「公共サービス」
キャンベラに住んでもうかれこれ8年になりますが、いまだに物の値段を見て信じられない思いをすることがあります.
この動物園入園料などもその例ですが、公共のお金が投資されるべき(だと私が思う)ところに、お金が行っていないのです.
だってねえ、動物園じゃん.ちいちゃな子ども達が目を輝かしてお出かけするところなのよ.なあんで、家族入園料が7000円なわけ? 我々はこのときは、クーポン券を持って出かけたのでこの恐ろしい金額を払わなくて良かったのですが、うちの娘ちゃんはこのごく普通の動物園でもとてもとても喜んでいました。
どうしてこんな馬鹿高くなるかと言うと、ひとえにこの動物園が家族経営の私企業だからです.広い土地を購入して資本投資して、動物の購入から飼育、園の整備まで入場料とスポンサー料ででまかなっているからです.
日本のは大抵公営でしょう.サファリパークとかテーマパークとか派手目のものならいざ知らず、ほんとのごくごく普通の(象ちゃんはいないがキリンちゃんはいる)動物園なのです。子どもが400円くらいで楽しめなくちゃ、話にならないじゃん.
別の例では、GP(ホームドクター)に出かけてちょびっと提出書類を書いてもらったところ、94ドルも請求されました. 15分かかるかかからないかの診察で、ただのルーティーンワークの一つだと思うけど、あまりの高さに問い返してしまいました.これはメディケア(国民保険のようなもの)から60ドル強返ってくるものではありますが、医者がぼりすぎだと思いました.ちなみに専門医に見てもらうにはGPの紹介状がなければならず、ということはそこで診察料を払い、それから専門医の予約を取って(ニヶ月くらいかかることもある)初診は最低でも150ドルくらいかかります.検査をすれば数百ドルが飛んでいきます.なんやねんそれ。

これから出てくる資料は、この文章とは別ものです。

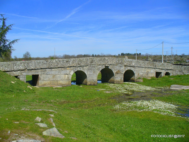 Parou o movimento de caminheiros peregrinos que vão a Compostela, não há ruído de motores, instalou-se o silêncio, apenas entrecortado pelo coaxar de duas ou três rãs escondidas na erva da margem - o sossego, a paz.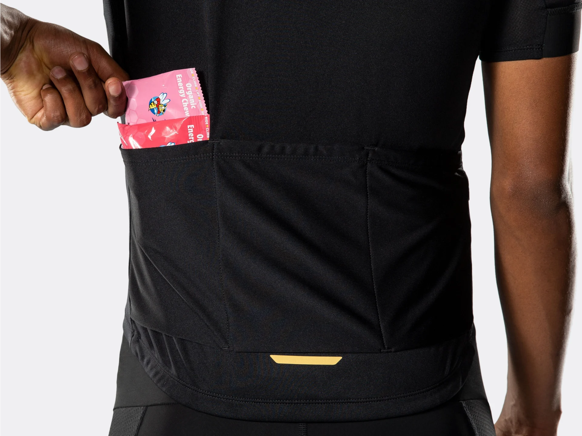 - Kolarski krój z dłuższym tyłem chroni plecy w pozycjach przybieranych podczas jazdy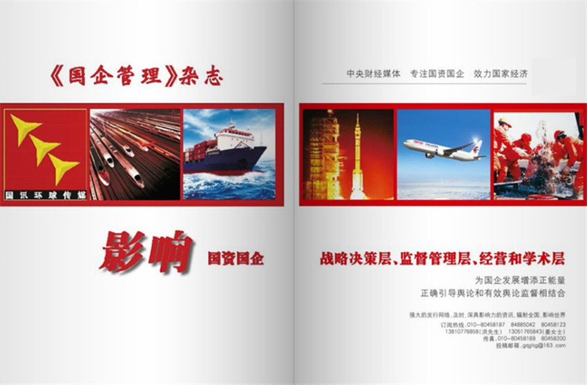 《國企管理》(月刊)創刊于2014年,多年來雜志內容及形式方面與時俱進,并以其形式和內容的豐富性及多樣性,贏得了不同階層讀者的喜愛與擁護。優勢:專注國資國企管理的部級財經媒體在國務院國資委的領導下,《國企管理》由中國企業管理研究會、中國輕工業出版社和國訊環球傳媒共同主辦、出版、發行。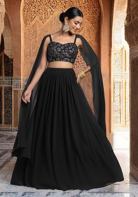 Black Lehenga Set With Swarovski Hand Embroidered Cape Sleeve Blouse
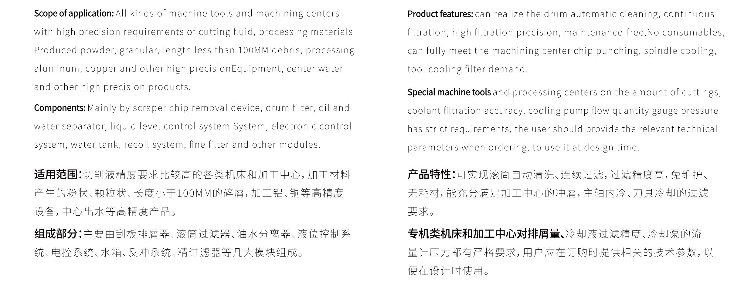適用范圍:切削液精度要求比較高的各類機床和加工中心,加工材料產(chǎn)生的粉狀、顆粒狀、長度小于100MM的碎屑,加工鋁、銅等高精度設(shè)備,中心出水等高精度產(chǎn)品。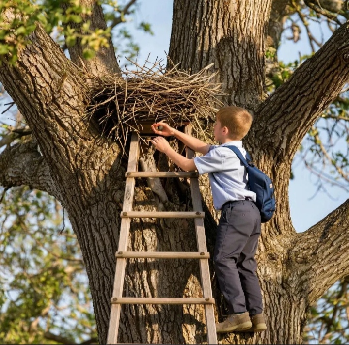Однажды Глеб и Василиса прогуливались по лесу и услышали тревожное карканье, доносившееся из густых кустов. Подойдя ближе, дети увидели маленького птенчика вороны, который выпал из своего гнезда. Он тряс головой и с испуганными глазами смотрел на ребят. Гнездо находилось высоко на ветке, и добраться до него было сложно. "Мы должны помочь ему! — воскликнула Василиса, осторожно взяв на руки птенца. — Посмотри, как он маленький, испуганный и весь дрожит, ему плохо без мамы". Вороненок раскрыл клювик и жалобно каркнул, ему было страшно. А ворона-мама летала вокруг и жалобно просила: "Спасите моего птенчика!" Глеб посмотрел на птенца и кивнул: "Да, надо положить его в гнездо. Только как достать, слишком высоко". Ребята задумались. Они вспомнили, что у дедушки Дормидонта есть лестница. Вдвоем они принесли лестницу и прислонили ее к дереву. Глеб поднялся по лестнице, аккуратно потянулся к верхней ветке и после нескольких попыток смог положить птенца обратно в гнездо, где сидели его братья. С облегчением он спустился вниз. Вороненок, очутившись в безопасности, радостно каркал, а ворона-мама летала вокруг гнезда и благодарила:"Спасибо вам, ребята, вы спасли моего птенчика!"

キャンベラの公共交通機関はバスですが、片道三ドルです。これ、高い高いと思っていたのですが、FARESAVERという10回回数券を買えば一回2.2ドルですみます.一律料金ですので、どこに行っても同じ値段です.(子どもと老人は半額)今のバブってる状況を考えれば
、2.2ドルは悪くないかもしれない。接続が悪いけど、タウンセンターにいくぶんには重宝するからね。
税金でまかなわれているからってその上であぐらをかいていたり儲けようとするのは最低だけど、公共サービスは、社会的弱者や人が弱っている時のセイフティネットとして働くようにしっかり整備してほしい.